I also found the stats on this site interesting (many are estimates):

https://www.nationmaster.com/country-info/stats/Crime/Murder...

https://www.nationmaster.com/country-info/stats/Crime/Violen...

https://www.nationmaster.com/country-info/stats/Crime/Violen...

> individuals are responsible, but that doesn't mean that the tool is not a significant factor.

Individuals are responsible. No buts. And there is no solving violence on any scale without understanding and addressing the reasons someone might commit it. This is a rabbit hole of difficult and uncomfortable truths we must address as a society.


Responsibility is a very complex topic. Sometimes it seems straightforward. People training child soldiers are more responsible than the child soldiers, right?
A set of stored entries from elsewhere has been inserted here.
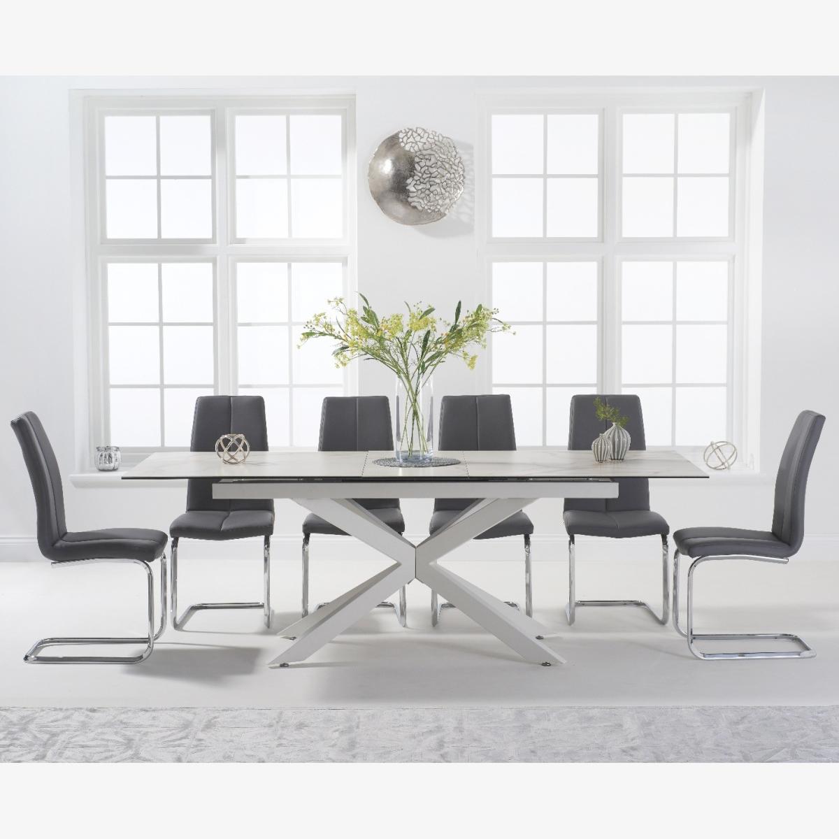 This set is a versatile choice that works well in modern and contemporary interiors owing to its clean, minimal design. The white ceramic table adds a sleek, bright focal point, making it ideal for both open-plan spaces and smaller dining areas. The extending feature offers practicality, accommodating both intimate dinners and larger gatherings with ease. The grey Tarin chairs bring a touch of neutrality that pairs effortlessly with various colour schemes and textures - think warm woods, bolder accents, or coloured accessories. Styling tips include adding a statement centrepiece or colourful placemats for personality, while maintaining a minimalist aesthetic. It’s equally suitable for family homes or more formal dining spaces, thanks to its blend of practicality and modern style.
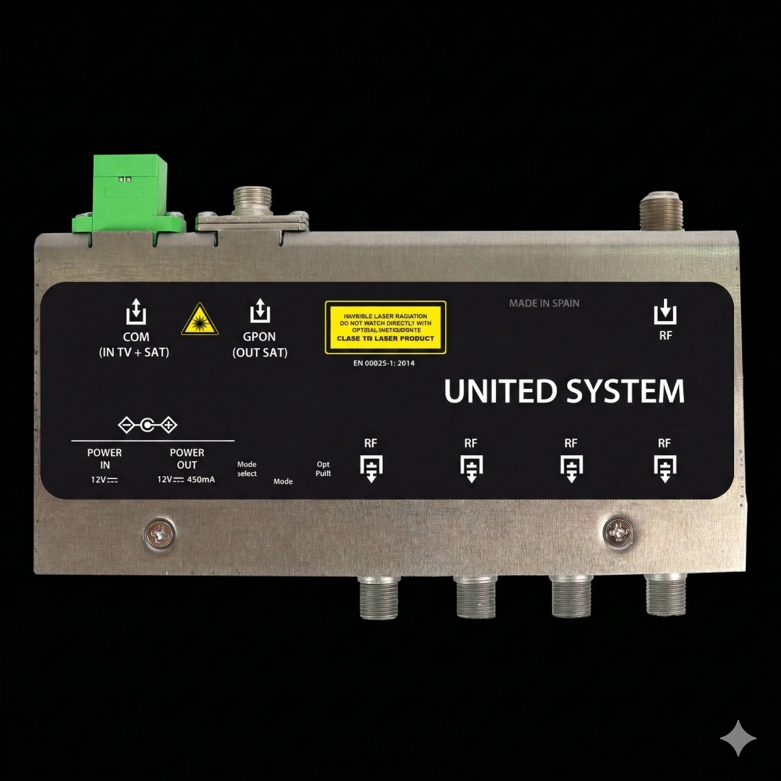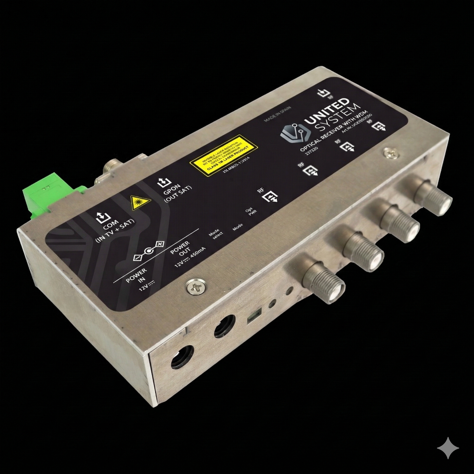 The FTTH Node 4 O/P Metal 1310 is a high-performance fiber optic receiver designed for FTTH and CATV signal distribution systems. It receives optical signals at 1310 nm wavelength and converts them into RF signals, providing four RF output ports for distributing signals to multiple televisions or network points.
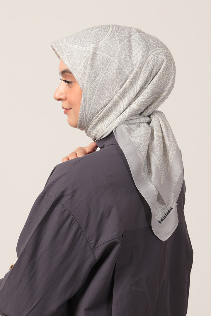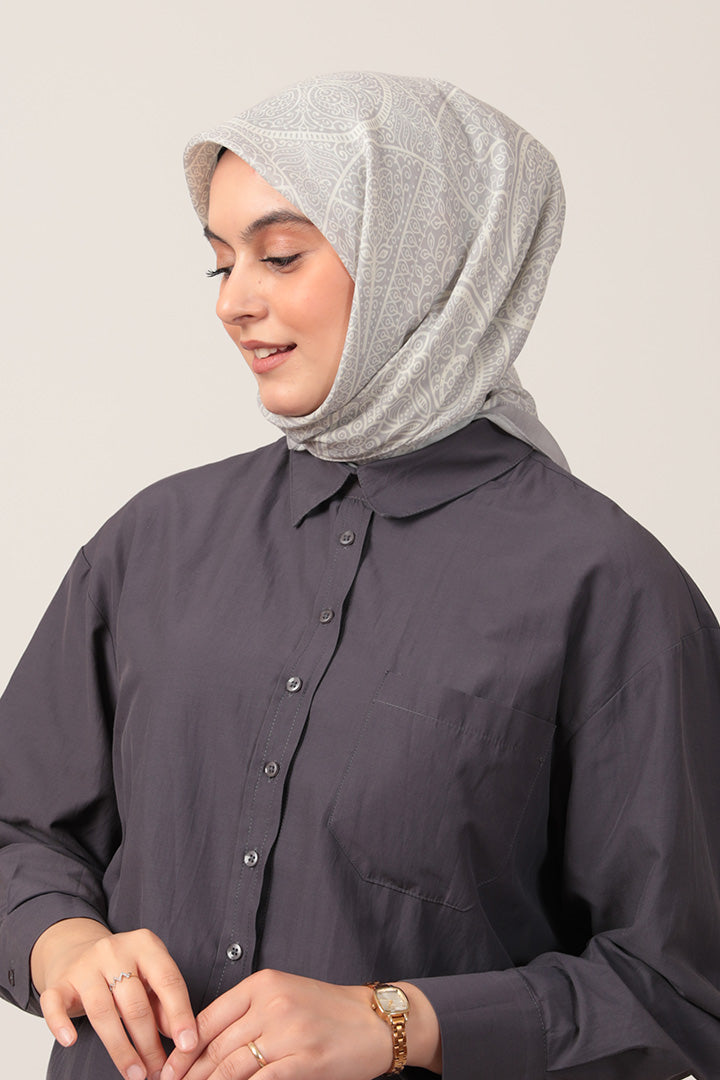 Pamuk İpek Eşarp Sarmaşık Desen Buz Beyazı
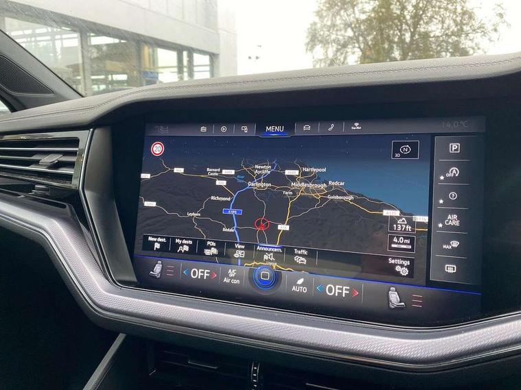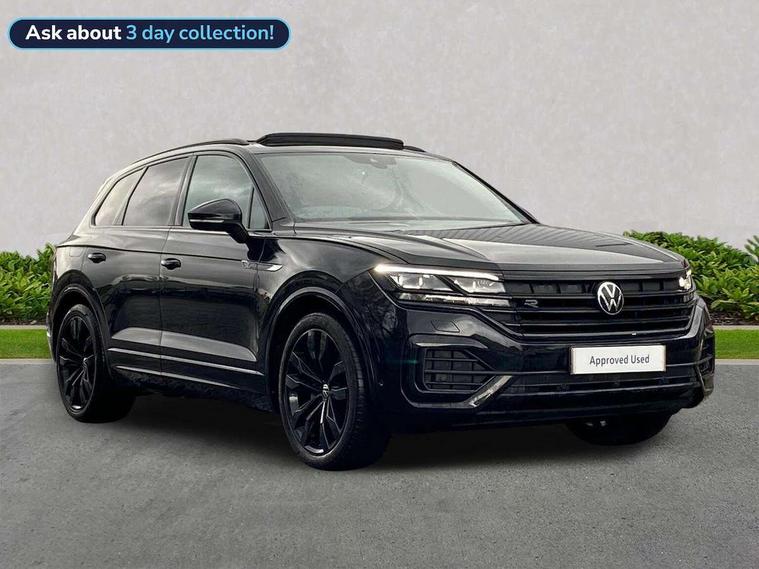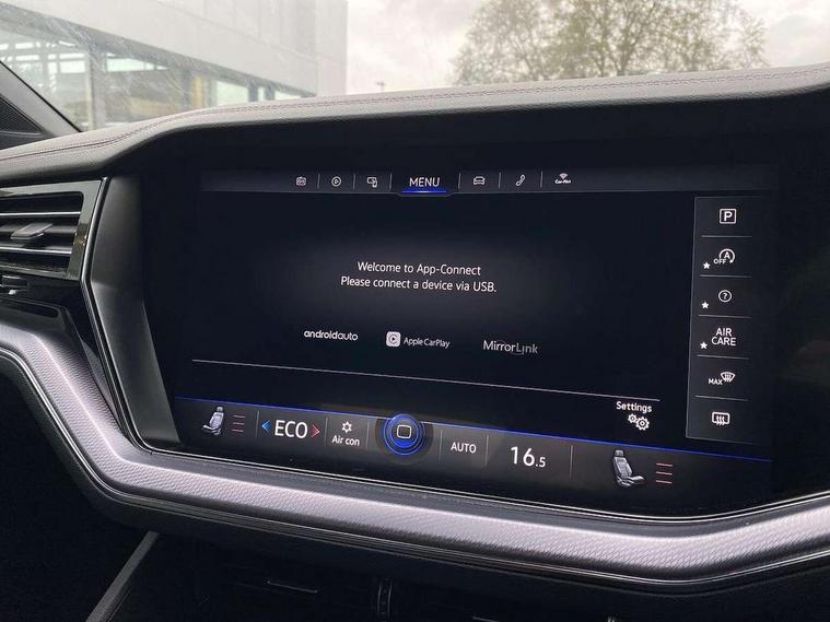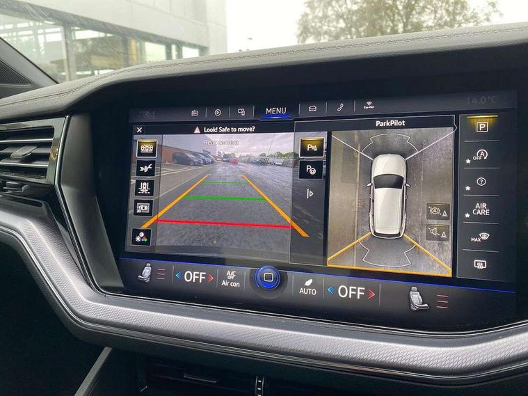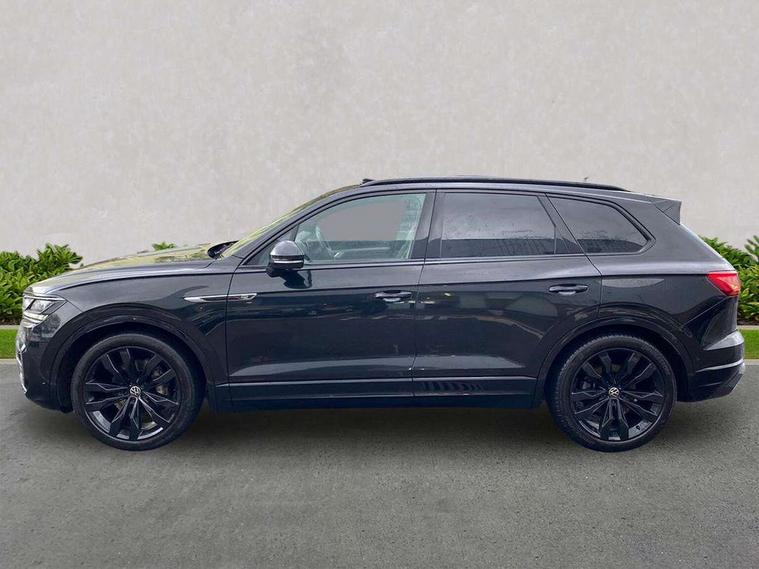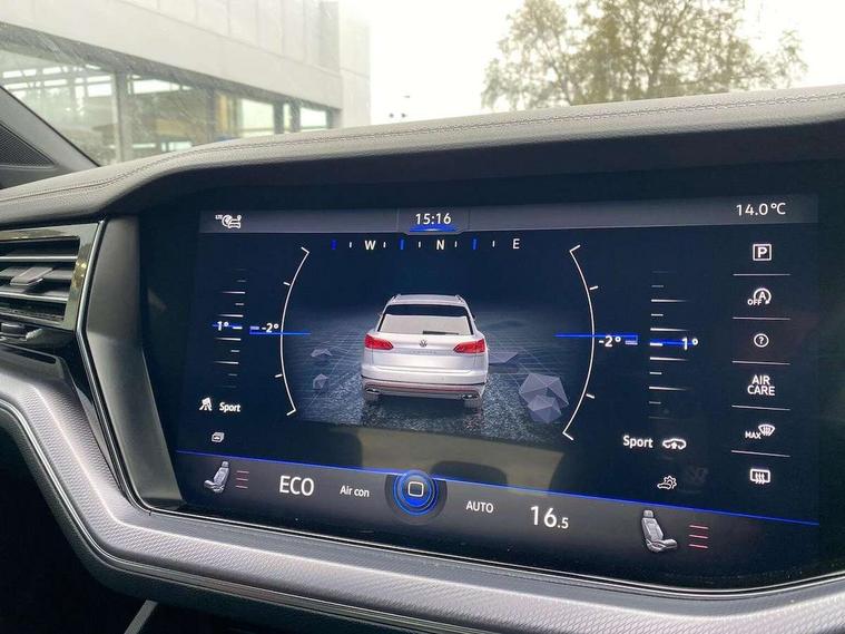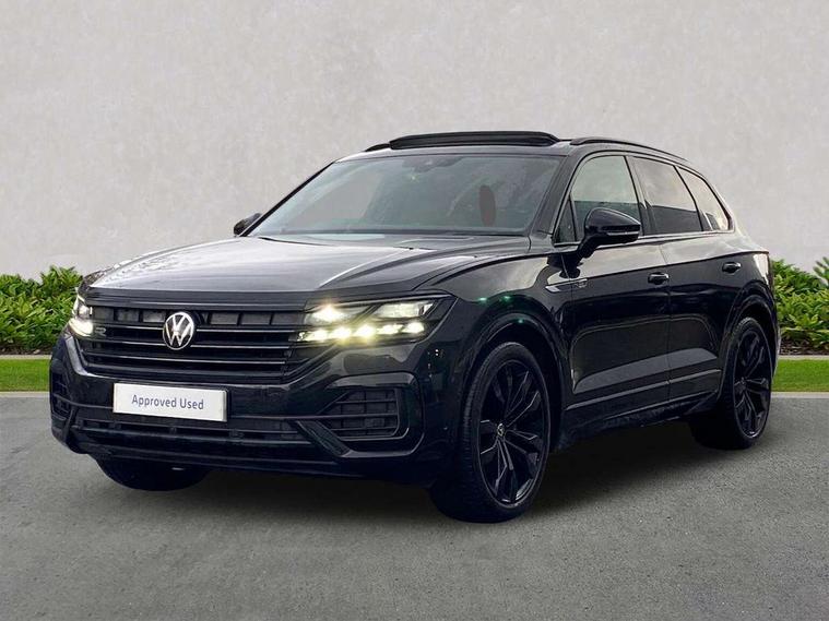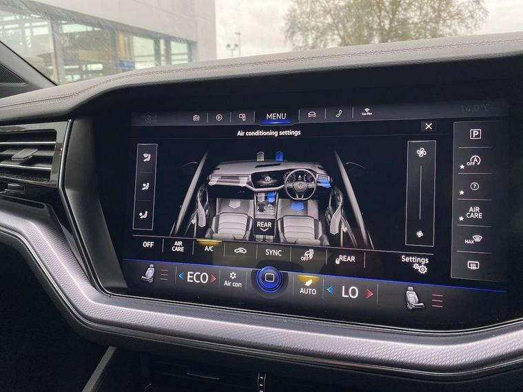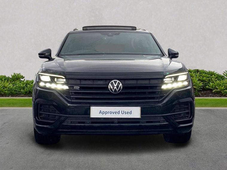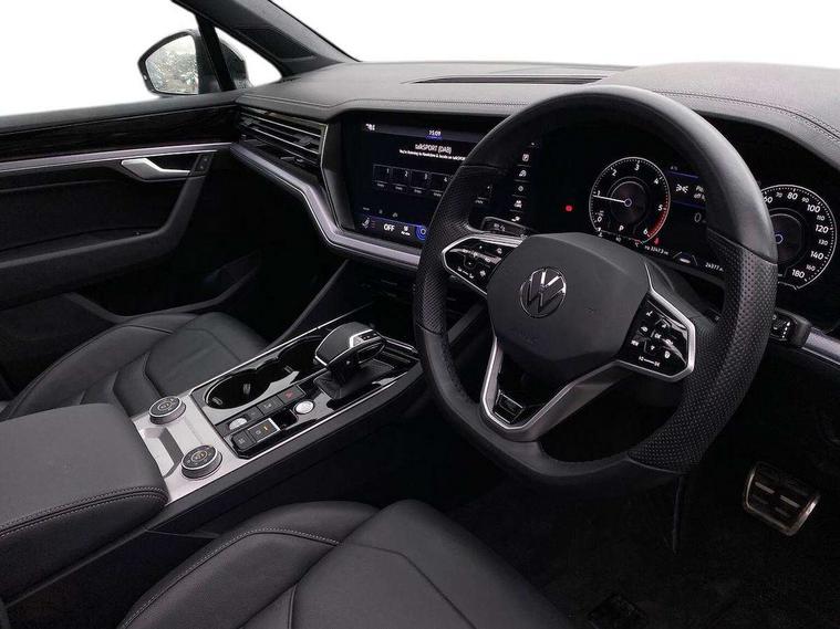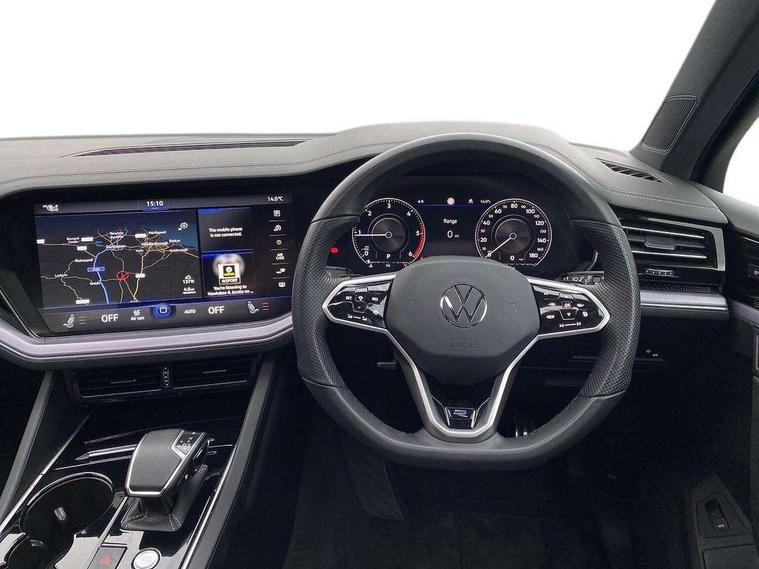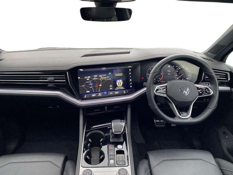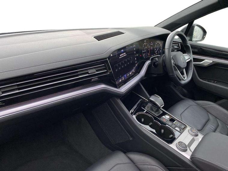 2D/3D map view, ACC - Adaptive cruise control with front assist, forward collision warning, distance monitoring, city emergency brake and speed limiter, Apple car play/Android Auto, Audible and visual fatigue detection system, Bluetooth hands free telephone connection, Car information display, Drive select with Damper control, Driver alert system, Driver profile selection, Dynamic road sign display camera controlled system with visual warning for traffic and road signs, eCall emergency system, Fully electric tailgate + keyless entry and start, Instrument cluster, MirrorLink, Multifunction camera, Multifunction computer premium with 7" colour display, One touch indicators with repeat function, Service interval indicator, Speed sensitive power steering, Start/stop system with regenerative braking, Tailgate power latch, Think blue trainer driver tips and journey analysis, Traffic sign recognition, Voice control system, Wireless Smartphone charger, 24 litre AdBlue tank, Torsen limited slip differential, DAB Digital radio, Dynamic navigation based on TMC+, Gesture control for infotainment system, Multi device interface (MDI) with illuminated USB-C connection, Music playback - MP3, WMA and AAC files, SD card slot, Simultaneous pairing of 2 compatible mobile devices, SMS functionality - read, compose and send SMS messages using touch-screen display, Title and cover art display, Volkswagen media control, Adaptive low beam for urban and motorway use, Auto dimming rear view mirror, Automatic coming/leaving home lighting function, Automatic headlights, Black anodised roof rails, Black door mirrors, Black rear diffuser, Black side window surrounds, Black upper and lower grille louvres extending into headlights and radiator grille, Body colour door handles, Body coloured wheel arches, C signature gloss black front air intake, Chromed tailpipe on the left and right integrated in the bumper with trapezoid design, Dusk sensor, Dynamic headlight range control, Electric front tilt/slide panoramic sunroof and fixed rear sunroof, Electrically power adjustable, heated, folding, auto dimming, front passenger exterior door mirror lowering function, Front and rear electric windows, Galvanised body, Gloss black finish B pillar, Gloss black rear diffuser, Headlight washers, Heat insulating darkened glass in side and rear windows, Heated windscreen washer jets, IQ.Light-LED matrix headlight, daytime running light with dynamic cornering light and indicator, LED 3rd brake light, LED rear fog light, LED rear number plate lights, Plastic scuff plates in door apertures, Poor weather light, Puddle lights, Rain sensor, Rear side wing doors, Rear wiper, 12V socket in front and rear centre console and boot, 2 Coat hooks on B pillar, 3 rear head restraints, 3 seat bench in 2nd row, 3 spoke sport heated leather multi-function sports steering wheel with gear shift paddles - generation 2, 4 way adjustable front head restraints, 4 way electric lumbar support for driver and front passenger, 4 zone climate control, 40:20:40 split folding slide/recline rear seat, B pillar vents, Black lower edge of door extending sills, Branded points of interest, Double sun visor for drivier and passenger with LED illuminated vanity mirrors, Electric luggage compartment cover, Folding rear centre armrest with 2 cupholders, Front + rear carpet mats, Front centre armrest with storage box, Gear shift indicator, Height/reach adjust steering wheel, Illuminated air conditioned glovebox, Isofix preparation for 2 rear child seats, Jack and tool kit, Leather trimmed gear knob with gloss black inlay/aluminum trim, Leatherette door trim, LED luggage compartment lighting, Load through provision, Luggage compartment with load lashing rings, Plastic loading edge protection, Rear seat remote release levers, Single front passenger seat, Soul black headlining, Stainless steel pedals, Innovision cockpit pack - Touareg, 3 point front seatbelts with pre-tensioners, ABS, Active bonnet, Automatic post collision braking system, Curtain airbags, Driver/Front Passenger airbags, EBD + Brake Assist, EDL, Electronic parking brake with auto hold, ESC with ASR, Front seat side impact airbags, Hill descent control, Hill start assist, Passenger airbag deactivate switch, Seatbelt warning lamp and buzzer, Three 3 point rear seatbelts, Two tone horn, Volkswagen roadside assistance, Warning triangle and first aid kit, Alarm with interior monitoring in cab, backup horn and towing protection, Child security locks for front and rear doors, Electronic engine immobiliser, Remote central locking, Black decorative trims on the side windows, High gloss black centre console,

The USA financing, training, and arming this or that group seems to be also responsible if those groups do bad things. (Hence all the protests in the US against the way the IDF wages war in Gaza.)

People voting for or against gun control also have some responsibility. (Australia's National Firearms Agreement comes to mind.) Similarly people who (continued to vote, or) voted in the EU to use cheap Russian gas even after 2014, and even after 2022 share again certainly share some responsibility. Maybe even more than the conscripts coerced to be on the front.

I think structural effects dominate in many cases. (IMHO local crime surges are perfect evidence for this, and even though the FBI crime data is slow and not detailed enough, the city-level data is good enough to see things like a homicide spike after a "viral police misconduct incidents" -- https://www.nber.org/papers/w27324 and this is even before George Floyd -- and https://johnkroman.substack.com/p/explaining-the-covid-viole... which shows how much of an effect policing has on homicides.)

Tool availability is an important factor, and in the US it's a drastically huge effect, because the other factors that could counteract it are also mostly missing.

We can simply apply the Swiss cheese model for every shooting and see that many things had to go wrong. Of course focusing only on guns while neglecting the others would lead to increase in knife-deaths.